Difference between Database and Data Warehouse

I was just searching on net for basic difference between the two of my core expertise and one of the best extract I found is pasted below:

So how is a data warehouse different from you regular database? After all, both are databases, and both have some tables containing data. If you look deeper, you'd find that both have indexes, keys, views, and the regular jing-bang. So is that 'Data warehouse' really different from the tables in you application?

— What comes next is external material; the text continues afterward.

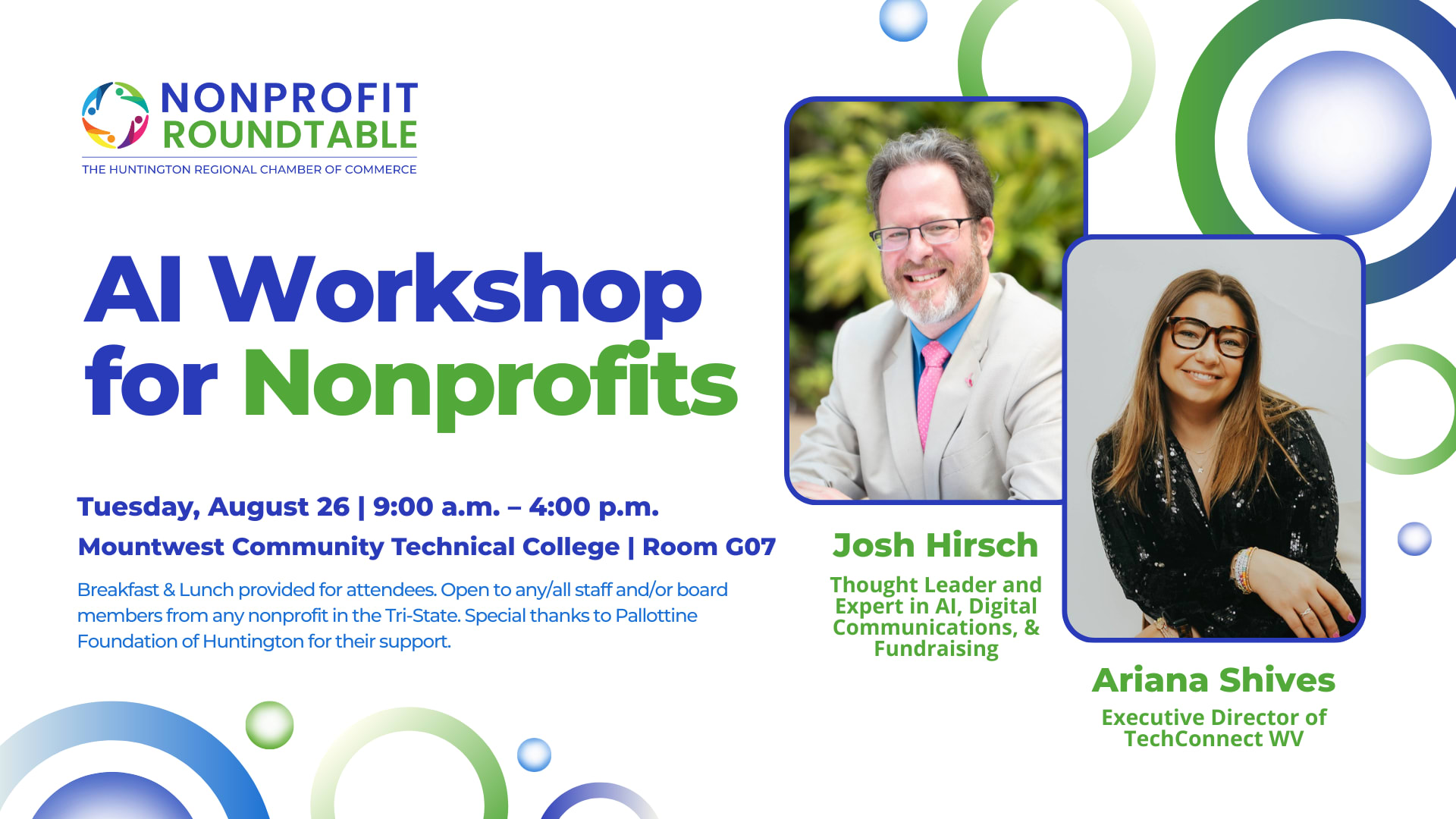 For our last Nonprofit Roundtable Speaker Series event of 2025, Josh Hirsch will lead a presentation titled "Leveraging AI and Technology" during the morning session, and Ariana Shives, Executive Director at Tech Connect WV, will lead the afternoon session. A free lunch will be provided to those who register. This event is exclusive to all nonprofits and their employees in Cabell and Wayne counties. Date: Tuesday, August 26 Time: 8:30 a.m. to 4 p.m. Location: Mountwest Community & Technical College, G07 Learn more: https://www.huntingtonchamber.org/non-profit-roundtable-council/

And if the two aren't really different, maybe you can just run your queries and reports directly from your application databases!

Well, to be fair, that may be just what you are doing right now, running some EOD (end-of-day) reports as complex SQL queries and shipping them off to those who need them. And this scheme might just be serving you fine right now. Nothing wrong with that if it works for you.

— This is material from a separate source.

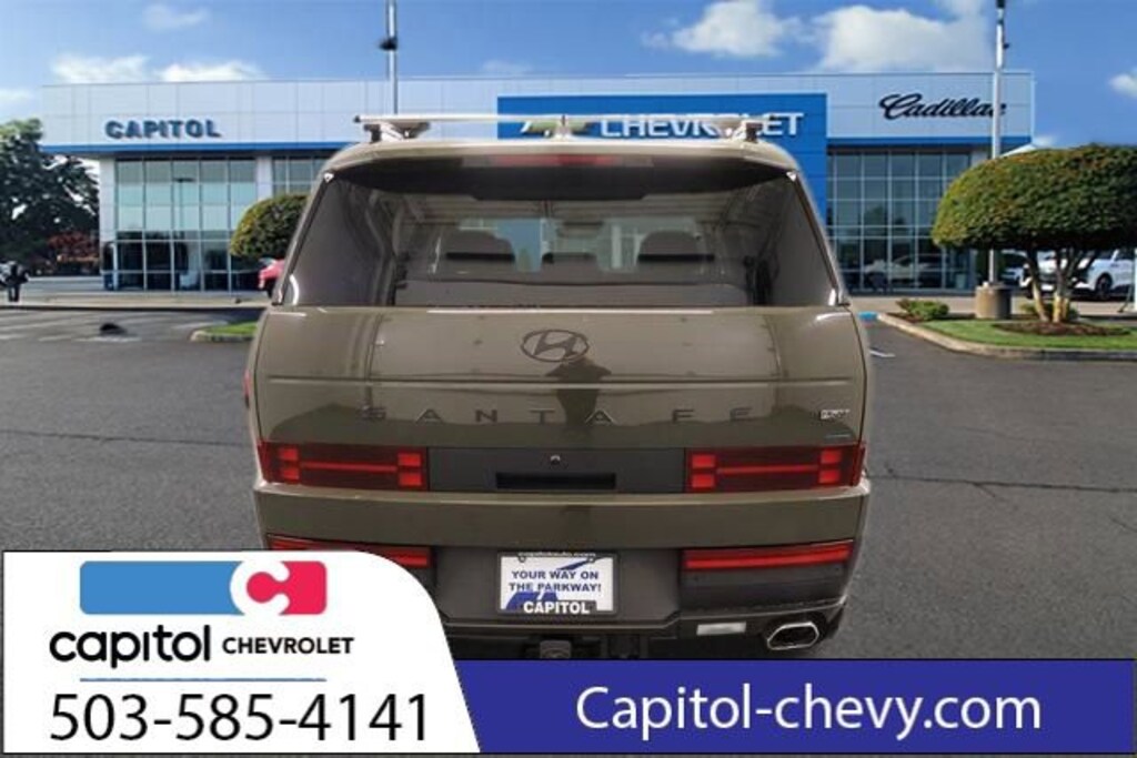 We Buy cars- Fast, Fair and Easy This 2025 Rockwood Green Hyundai Santa Fe XRT AWD is well equipped and includes these features and benefits: Option Group 01, 3rd row seats: bench, 4-Wheel Disc Brakes, 6 Speakers, ABS brakes, Air Conditioning, All Season Fitted Liners, Alloy wheels, AM/FM radio: SiriusXM, Apple CarPlay & Android Auto, Auto High-beam Headlights, Automatic temperature control, Brake assist, Bumpers: body-color, Cargo Cover, Cargo Net, Cargo Organizer, Cargo Tray, Delay-off headlights, Driver door bin, Driver vanity mirror, Dual front impact airbags, Dual front side impact airbags, Electronic Stability Control, Emergency communication system, Exterior Parking Camera Rear, First Aid Kit, Four wheel independent suspension, Front anti-roll bar, Front Bucket Seats, Front Center Armrest, Front dual zone A/C, Front reading lights, Fully automatic headlights, H-Tex Leatherette Seat Trim, Heated door mirrors, Heated Front Bucket Seats, Heated front seats, Illuminated entry, Knee airbag, Leather steering wheel, Low tire pressure warning, Navigation System, Occupant sensing airbag, Outside temperature display, Overhead airbag, Overhead console, Panic alarm, Passenger door bin, Passenger vanity mirror, Power door mirrors, Power driver seat, Power Liftgate, Power moonroof, Power steering, Power windows, Radio: AM/FM/HD Display Audio, Rear anti-roll bar, Rear seat center armrest, Rear side impact airbag, Rear window defroster, Rear window wiper, Remote keyless entry, Security system, Speed control, Speed-sensing steering, Split folding rear seat, Spoiler, Steering wheel mounted audio controls, Tachometer, Telescoping steering wheel, Tilt steering wheel, Traction control, Trip computer, Turn signal indicator mirrors, Variably intermittent wipers, Wheel Locks, and Wheels: 18 x 7.5J Dark Alloy.

But before you start patting yourself on the back for having avoided a data warehouse altogether, do spend a moment to understand the differences, and to appreciate the pros and cons of either approach.

The primary difference betwen you application database and a data warehouse is that while the former is designed (and optimized) to record , the latter has to be designed (and optimized) to respond to analysis questions that are critical for your business.

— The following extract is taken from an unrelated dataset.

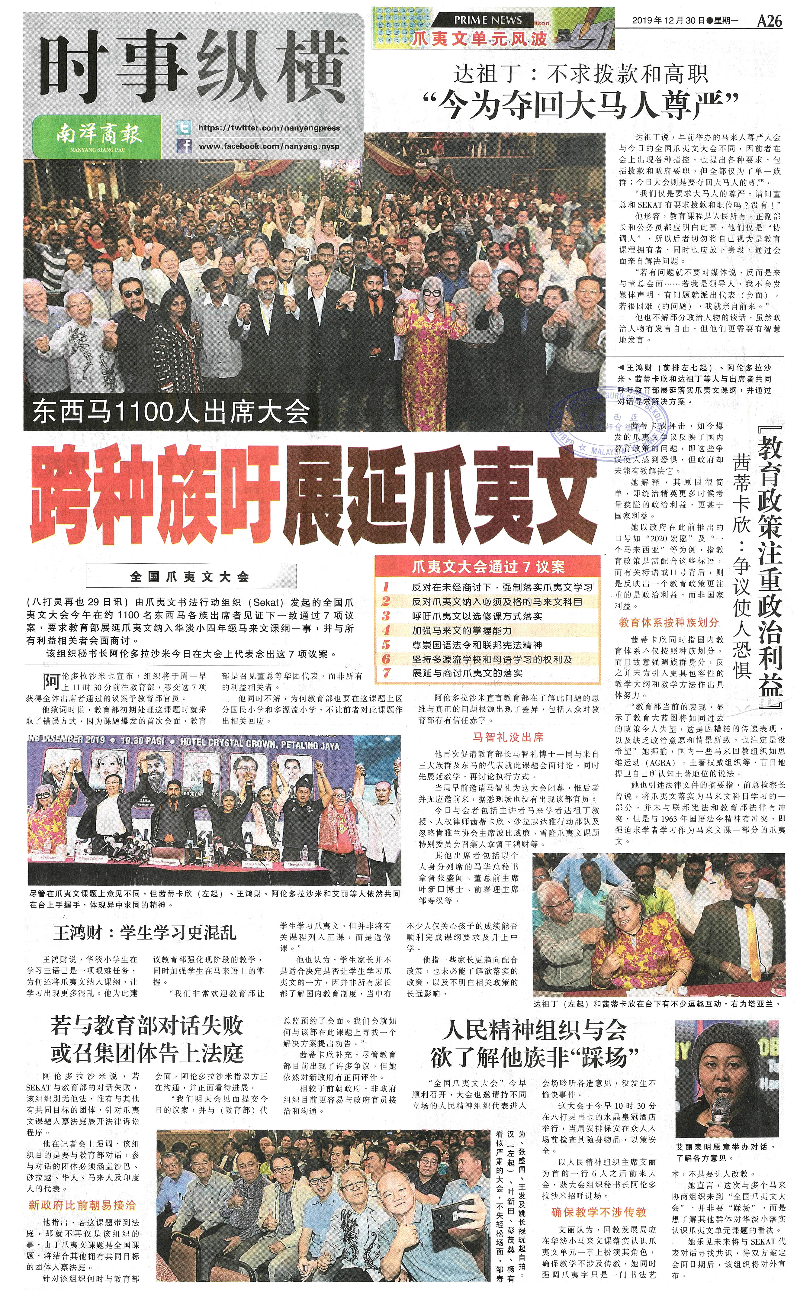 东西马1100人出席大会  跨种族吁展延爪夷文

Application databases are OLTP (On-Line Transaction Processing) systems where every transaction has to be recorded, and super-fast at that. Consider the scenario where a bank ATM has disbursed cash to a customer but was unable to record this event in the bank records. If this started happening frequently, the bank wouldn't stay in business for too long. So the banking system is designed to make sure that every trasaction gets recorded within the time you stand before the ATM machine. This system is write-optimized, and you shouldn't crib if your analysis query (read operation) takes a lot of time on such a system.

A Data Warehouse (DW) on the other end, is a database (yes, you are right, it's a database) that is designed for facilitating querying and analysis. Often designed as OLAP (On-Line Analytical Processing) systems, these databases contain read-only data that can be queried and analysed far more efficiently as compared to your regular OLTP application databases. In this sense an OLAP system is designed to be read-optimized.

Separation from your application database also ensures that your business intelligence solution is scalable (your bank and ATMs don't go down just because the CFO asked for a report), better documented and managed (god help the novice who is given the application database diagrams and asked to locate the needle of data in the proverbial haystack of table proliferation), and can answer questions far more efficietly and frequently.

Creation of a DW leads to a direct increase in quality of analyses as the table structures are simpler (you keep only the needed information in simpler tables), standardized (well-documented table structures), and often denormalized (to reduce the linkages between tables and the corresponding complexity of queries). A DW drastically reduces the 'cost-per-analysis' and thus permits more analysis per FTE. Having a well-designed DW is the foundation successful BI/Analytics initiatives are built upon.

Sunday, September 26, 2010

[T-SQL] How to Stop Growing Log File Too Big

In continuation of my last post "http://muhammadabbas.blogspot.com/2010/09/t-sql-truncate-log-file.html" , i am writing this article.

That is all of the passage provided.